買取り受付から登録受付へ。受付のお姉さんに記載事項や再発行手続きに更新要領等説明された。名前と出身地、身長・体重を言い、職業を決める時に迷っていると
「こちらの質問に答えていただければ、最適な職業を選ぶ事が出来ますよ。確認してから後で変更することも出来ます。」との事なのでお願いする事にした。
「依頼を達成するのは、頭と身体どちらを使うほうですか?」
「身体です。」
「武器や道具は使いますか?」
「使います。」
「街と街の外と、どちらで行動しますか?」
「街の外です。」
「武器と魔法と、どちらをよく使われますか?」
「武器です。」
「武器は剣や槍ですか?種類は?」
「弓です。」
この後にもしばらく質問が続き、最後にとうとう職業が決定した。
「職業は野伏となります。
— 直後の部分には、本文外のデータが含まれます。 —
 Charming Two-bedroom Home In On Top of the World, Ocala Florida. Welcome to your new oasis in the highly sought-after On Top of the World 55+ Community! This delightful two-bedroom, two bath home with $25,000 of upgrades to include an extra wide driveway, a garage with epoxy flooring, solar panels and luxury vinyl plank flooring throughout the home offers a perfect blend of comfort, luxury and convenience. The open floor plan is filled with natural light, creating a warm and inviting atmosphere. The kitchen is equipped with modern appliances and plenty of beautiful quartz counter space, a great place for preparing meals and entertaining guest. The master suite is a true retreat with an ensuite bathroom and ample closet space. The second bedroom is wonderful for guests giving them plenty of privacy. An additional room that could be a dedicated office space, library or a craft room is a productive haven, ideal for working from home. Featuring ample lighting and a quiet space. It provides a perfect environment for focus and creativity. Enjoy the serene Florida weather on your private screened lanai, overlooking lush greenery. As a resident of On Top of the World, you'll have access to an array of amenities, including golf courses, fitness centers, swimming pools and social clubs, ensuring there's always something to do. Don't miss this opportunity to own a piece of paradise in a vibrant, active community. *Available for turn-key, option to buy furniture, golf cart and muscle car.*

」よろしいですか?
異論は無い。ギルドカード作成まで椅子に座ってしばらく待つ。
「お待せしました。こちらがコウキ様のカードになります。まだ少し作業が残っています。記載情報に誤りはありませんか?」
手にとってみると結構重い。厚みがあって刻印がしてる。
記載情報は以下の通りだった。
名前:コウキ
出身:白国スラストップ村
職業:レンジャー
種族:人間
眼色:蒼
頭髪色:黒
身長:120cm
体重:45kg
自書欄と母指欄がある。自書欄に名前を書く。
「母指欄にしっかりと親指を当ててください。」
親指をあてると登録受付の女性が魔法を唱えだした。
「大地の神よ。固く硬く彼の者の刻印を刻め。中級大地呪文!」
指を離すと親指の形がカードに刻印されている。それにカード自体もさきほどより硬くなっている。
「お疲れ様でした。3500ガルドになります。」
料金を払って次は旅支度だ。正直あまりこの街に詳しくないし、登録受付のお姉さんに尋ねてみよう。
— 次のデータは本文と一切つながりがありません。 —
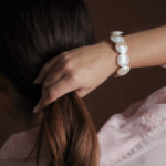 צמיד פנינים בעיצוב אלגנטי ונשי, עשוי מצדפה טבעית עגולה ופניני מים מתוקים המשדרים רוך, טוהר ונוכחות שקטה.

「このあたりで、旅の支度に必要な物を売っているオススメのお店ってありませんか?」
「そうですね…。ギルド内の販売店で買っていただくのが正直宜しいかと。専門の武具や防具でしたら専門店に行かれたほうがいいと思います。」
販売店に向かう。乾燥済みの薬草、毒消し草、干し肉、砥石、皮袋…色々買っても1000ガルドで済んだ。良心的な店だったな。後で街で鍋と皮剥ぎ用のナイフと外套を買ったら6500ガルドもしてビックリした。
宿に戻って出発準備したら就寝。でも明日からの旅路と、冒険生活を考えると中々寝れなかった。
「一人で生きるのって大変だ…でも、冒険者ってハイリスクだけど、ハイリターンだよな。大丈夫。俺ならうまくやっていけるさ。」
そう一人ごちて、不安を降り払う。明日はいよいよ出発だ。
-光魔法
失われた魔法。古の勇者が使用したとされる。現在光魔法の使い手は確認されておらず、書籍や口伝の類も残っていない為、存在そのものが疑問視されている。
-闇魔法
知性のある魔族、魔獣、魔物が使用する魔法。闇の神に帰属する魔法である。効力は破壊や毒、変化などさまざまである。通常人間には使用できないが、魔に堕落した人間、魔物化した人間のみ使用出来る。